Le ipotesi di inammissibilità sono normalmente quelle estrinseche ed extraformali; al contrario, tutto quello che attiene alle forme degli atti, ovvero tutto ciò che è intrinseco e formale, non può esser sottratto al regime dell’art. 156, 3° comma c.p.c., perché una simile sottrazione contrae il diritto all’azione, e snatura la funzione del processo, che è quella, quando è possibile, di rendere un provvedimento di merito, ovvero di decidere sulla fondatezza o meno dei diritti che i cittadini portano all’attenzione dell’autorità giudiziaria.

E’ scorretto attribuire a fatti di nullità la sanzione di inammissibilità per consentire al giudice la chiusura in rito del processo anche in ipotesi nelle quali il giudice, avendo ben compreso l’oggetto del giudizio, potrebbe e sarebbe in grado di provvedere nel merito.

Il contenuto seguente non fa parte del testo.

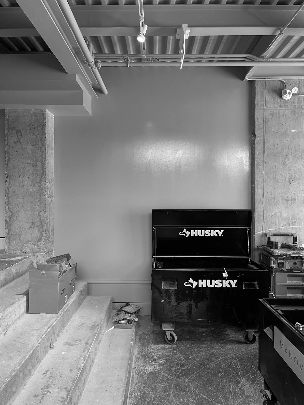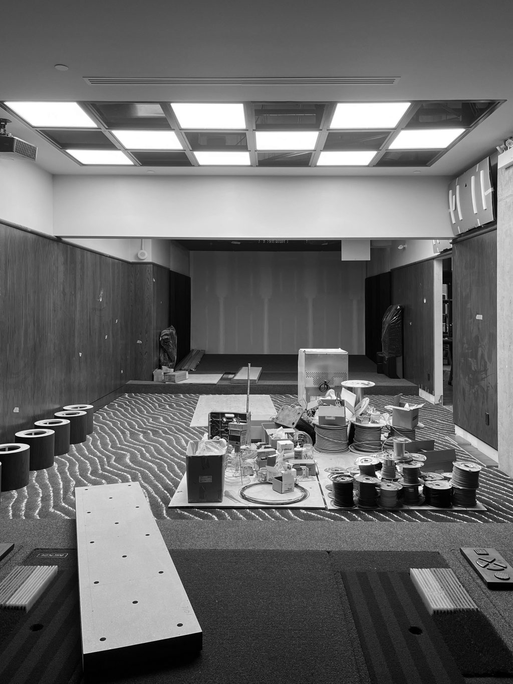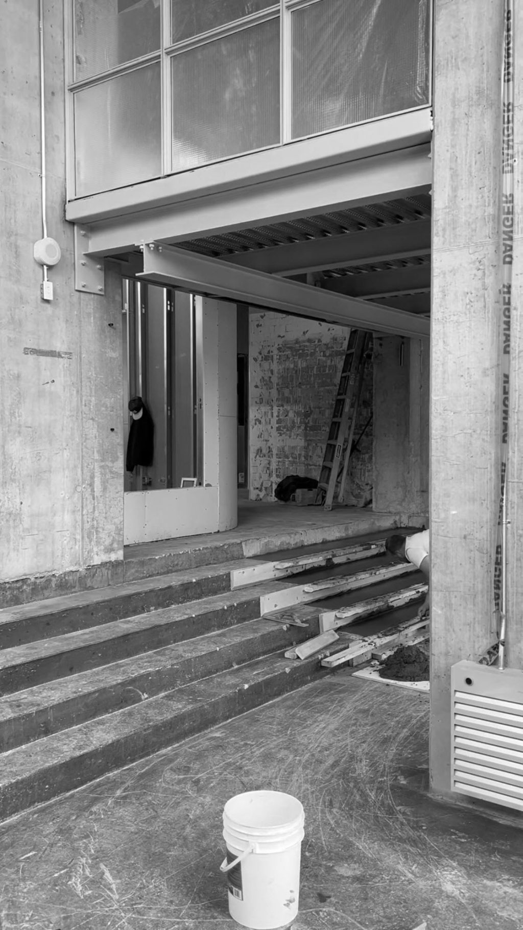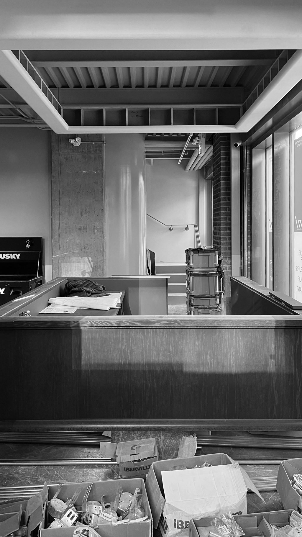 Une seconde entrée, située à l’arrière, relie Muni au bâtiment Nordelec, facilitant l’accès depuis le complexe. Un escalier derrière la réception mène à une mezzanine surplombant la salle principale, réservée aux événements privés.

Ancor più scorretto è prevedere l’inammissibilità di fronte a fatti addirittura inidonei anche solo alla più lieve sanzione di nullità, se solo ancora, e di nuovo, si riflette sul fatto che le condizioni di cui al nuovo art. 342 c.p.c. non attengono nemmeno alla forma-contenuto dell’atto, ma solo alle modalità con le quali detta forma-contenuto deve realizzarsi.

In sostanza, rendere incerto il contenuto sufficiente ai fini della validità dell’atto di appello passando dal cosa al come e sanzionare detta invalidità anziché con la nullità con l’inammissibilità, al preciso fine di impedire ogni possibile sanatoria del presunto atto nullo, e quindi anteporre ogni sostanziale ragione di giustizia a cavilli formali di incerta portare interamente rimessi alla discrezionalità del giudice, è un modo così scorretto e subdolo, direi financo inedito, di legiferare, che non può non comportare l’incostituzionalità della norma per violazione degli artt. 3, 24 e 111 Cost.

Perché, par evidente, un processo che si fonda su queste tecniche, non può dirsi giusto (art. 111 Cost.), rompe il trattamento paritario di tutti i cittadini di fronte alla legge (art. 3 Cost.), e limita senza sufficienti giustificazioni e in modo del tutto arbitrario il diritto di ognuno di accedere al giudice per la tutela dei propri diritti soggettivi (art. 24 Cost.).

Siamo, nella sostanza, in presenza di una norma trabocchetto, e le norme trabocchetto non devono avere ingresso nel nostro ordinamento.